Happily, that approach points the way to Darkest Before Dawn. Timbaland, Kanye and Diddy are among the big names on the boards here, battling it out with lesser known producers, all gleefully playing to Pusha's style. It's great to hear Timbaland making ice-cold, staggered sci-fi beats again, as the anti-gravitational pull of 'Untouchable''s abstraction holds Pusha's run-down of his career plans in deep space. Any MC would want to freestyle over this, which goes for all the star beats here. Timbaland pushes the digital snakes and ladders game further on 'Retribution' with vertiginous EDM bass rising and falling behind a tense arpeggio and Kehlani's melancholy vocal hook. It's just enough and too much, exactly what you want from Pusha T's product. Tim's staggered and scratched, videogame-flavoured take on old school hip hop showcases Re-Up's Ab-Liva and Pusha doing what they do to full effect, and that's all you need.

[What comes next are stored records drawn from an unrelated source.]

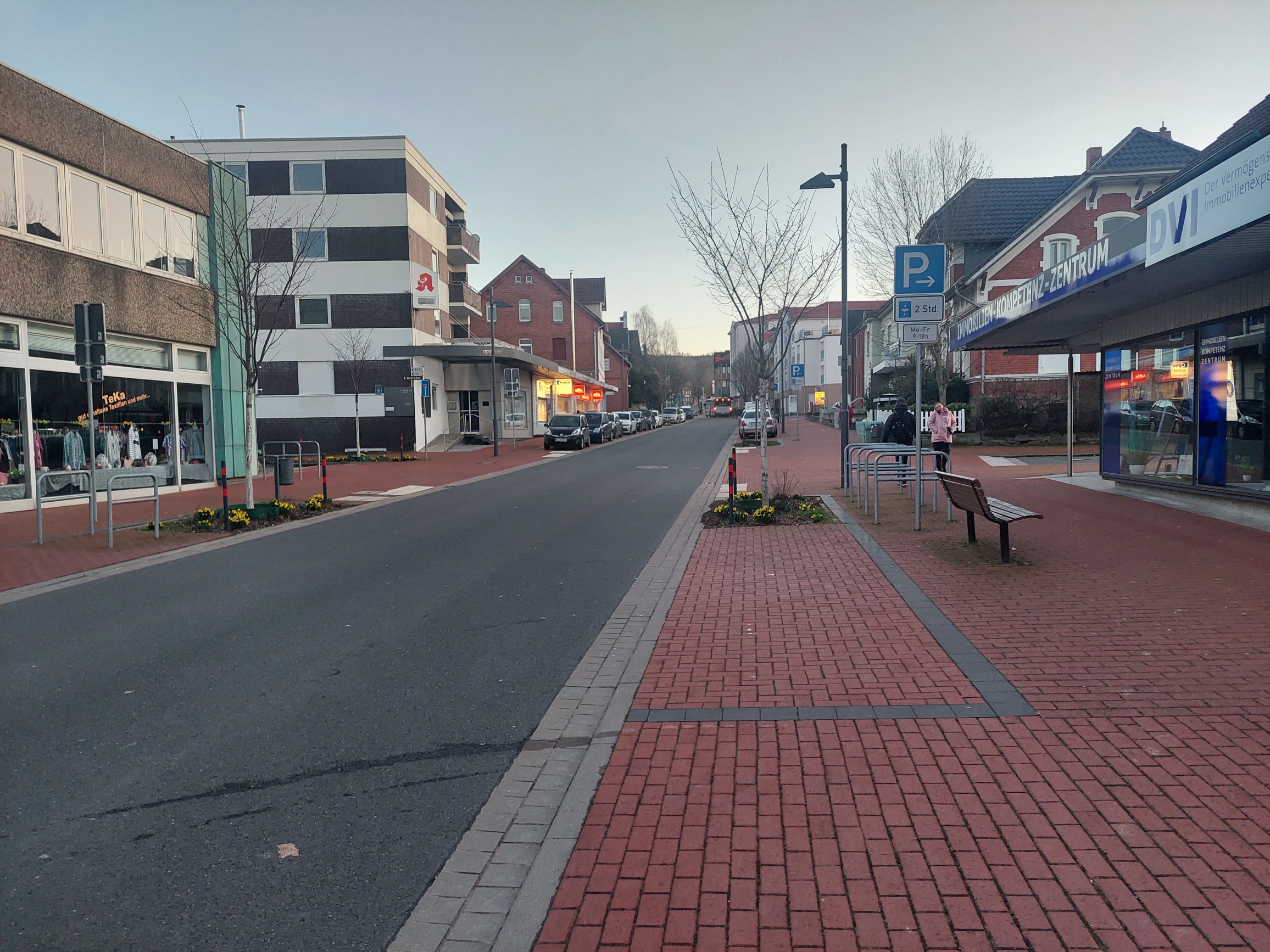 Die bildgewordene Depression. Hauptstraße in Barsinghausen, ein Ort der Vorhölle in der Nähe von Hannover. Was auch nur unwesentlich besser ist. Mitunter verschlägt es mich zu Veranstaltungen, Podiumsdiskussionen etc. in solche Orte. Ich mache sowas sehr gerne, live, nach Zeiten der Seuche, das ist für mich ein Fest. Und die Menschen dort sind fast immer angenehm, zugewandt und engagiert. Aber die Unwirtlichkeit der Städte, überhaupt der Orte im Spätkapitalismus, schlägt nirgendwo unerbittlicher zu als auf deren Bahnhöfen und Ortskernen nach 18 Uhr. Ich bin für Stimmungen sehr empfänglich und das Ambiente solcher Orte versetzt mich umgehend in so tiefe Depressionen, dass ich mich sofort schwerst betrinken oder bekiffen würde, müsste ich nicht ein paar Minuten später auf einem Podium sitzen.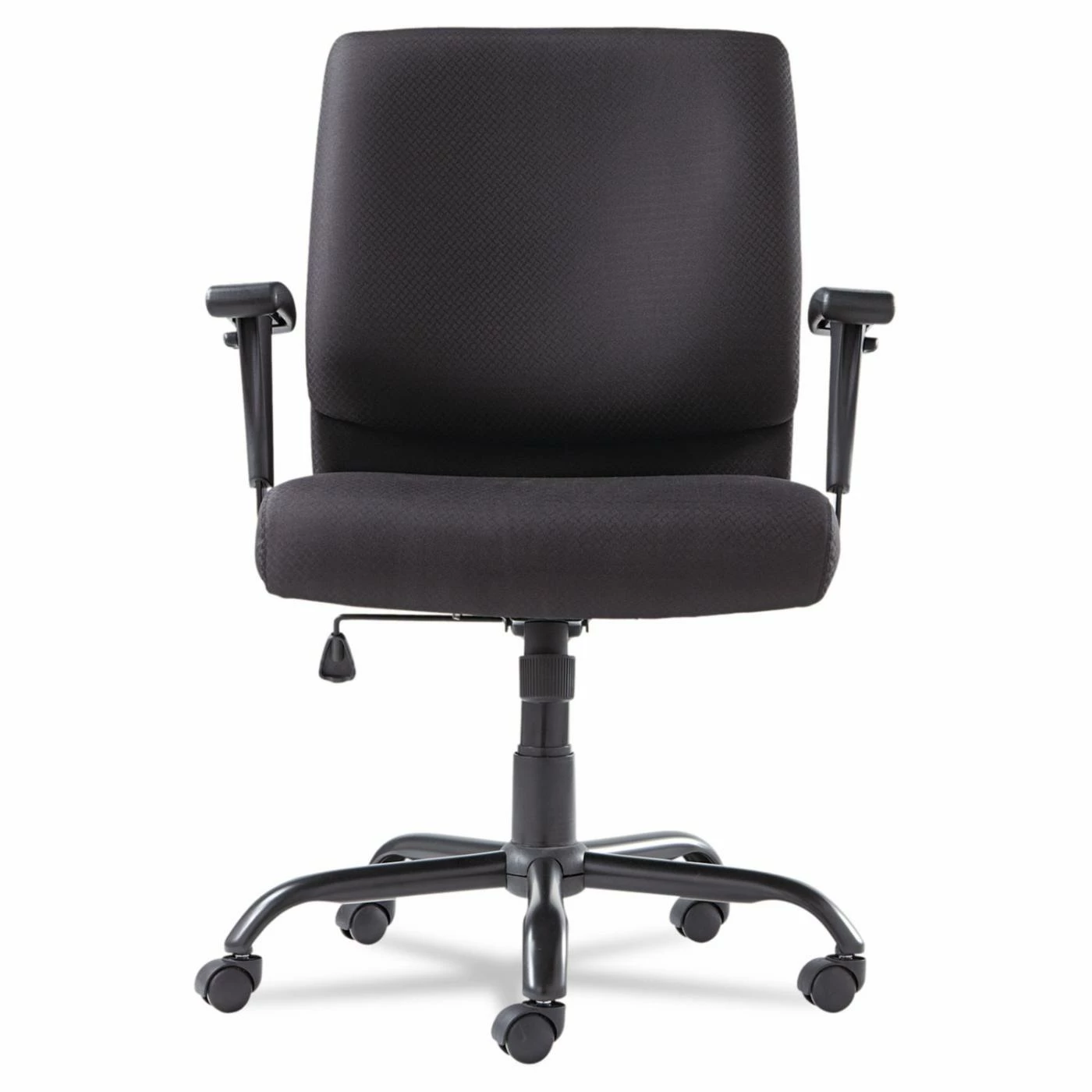 Built tough for extreme durability yet adds class to any environment. Classic styling specifically designed for the big and tall person; supports up to 450 lbs. Thickly cushioned seat and back provide complete support. Arms adjust for optimal placement or may be removed to suit your needs.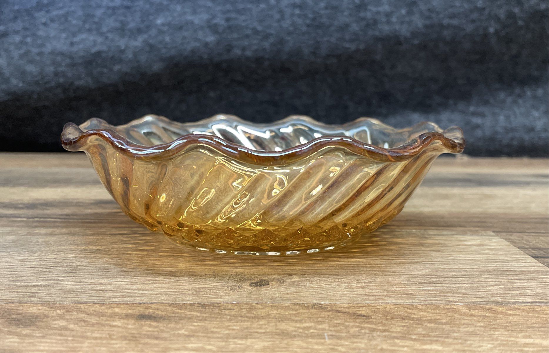 Vintage Jeannette Swirl Marigold Carnival Glass Ruffled Candy Bowl Dish
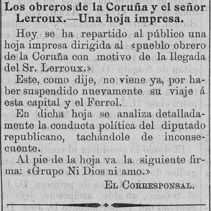 Dende o mes anterior, o grupo anarquista coruñés “Ni dios, ni amo” tiña distribuido unha folla impresa na que destapaba os intentos de manipulación dos obreiros por parte de Lerroux, como recollen varios xornais galegos da época:

Against tough odds, Q Tip takes the producer crown. 'F.I.F.A.' is the album's triumphal anthem, just cocaine-confident big beats and a fait accompli keyboard lick chopped around as Pusha drops indelible lines ("You don't wanna know him if you owe him"). On a different tack, you might not have high hopes for M.T.F.R., with its hook of The-Dream singing "Niggas ain't been to church in a minute, but it's funny how the TEC make a nigga get religious" over beats from Toronto's Boi-1da and Frank Dukes, but it's magnificent: multilayered but with a tightly managed bounce that keeps the tension levels high. The darkest cut comes courtesy of relative unknown Nashiem Myrick: on 'Keep Dealing' Beanie Sigel's reanimated husk warns "I ain't never seen a nigga swallow a bullet and later talk about it" over wisps of horror film eeriness, the dank atmosphere somewhere between dead-footed Mobb Deep and shiver-inducing Gravediggaz beats. Even Kanye and Diddy prove they can still bring it in the production seat in the styles that first made their names. If Pusha T can keep this up throughout King Push proper, the forthcoming main event, he'll have the hip hop album of next year too.